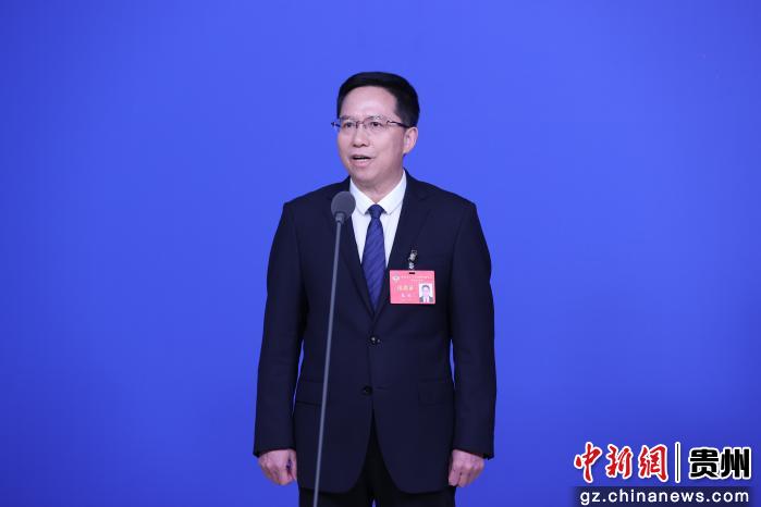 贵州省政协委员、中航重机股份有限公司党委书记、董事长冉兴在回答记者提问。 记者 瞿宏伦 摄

==

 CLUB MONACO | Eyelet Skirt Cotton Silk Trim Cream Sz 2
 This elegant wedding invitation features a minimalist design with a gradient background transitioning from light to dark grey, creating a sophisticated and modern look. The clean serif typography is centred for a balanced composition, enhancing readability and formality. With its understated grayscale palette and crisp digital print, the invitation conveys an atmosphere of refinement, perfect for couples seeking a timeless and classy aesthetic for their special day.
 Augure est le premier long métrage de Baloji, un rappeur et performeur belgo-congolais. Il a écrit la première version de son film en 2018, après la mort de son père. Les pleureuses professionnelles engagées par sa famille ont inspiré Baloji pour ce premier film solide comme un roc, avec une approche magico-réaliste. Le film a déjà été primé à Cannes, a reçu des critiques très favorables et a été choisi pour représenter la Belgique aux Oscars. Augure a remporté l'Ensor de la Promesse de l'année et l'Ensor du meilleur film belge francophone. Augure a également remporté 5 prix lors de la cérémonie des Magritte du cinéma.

*WHAT IS EXPECTED:* Reprint exactly the lines above that start at the one with "This elegant wedding" and end at the one with "Augure est le", keeping both and adding none.

*OUTPUT OF THE TASK:*
 This elegant wedding invitation features a minimalist design with a gradient background transitioning from light to dark grey, creating a sophisticated and modern look. The clean serif typography is centred for a balanced composition, enhancing readability and formality. With its understated grayscale palette and crisp digital print, the invitation conveys an atmosphere of refinement, perfect for couples seeking a timeless and classy aesthetic for their special day.
 Augure est le premier long métrage de Baloji, un rappeur et performeur belgo-congolais. Il a écrit la première version de son film en 2018, après la mort de son père. Les pleureuses professionnelles engagées par sa famille ont inspiré Baloji pour ce premier film solide comme un roc, avec une approche magico-réaliste. Le film a déjà été primé à Cannes, a reçu des critiques très favorables et a été choisi pour représenter la Belgique aux Oscars. Augure a remporté l'Ensor de la Promesse de l'année et l'Ensor du meilleur film belge francophone. Augure a également remporté 5 prix lors de la cérémonie des Magritte du cinéma.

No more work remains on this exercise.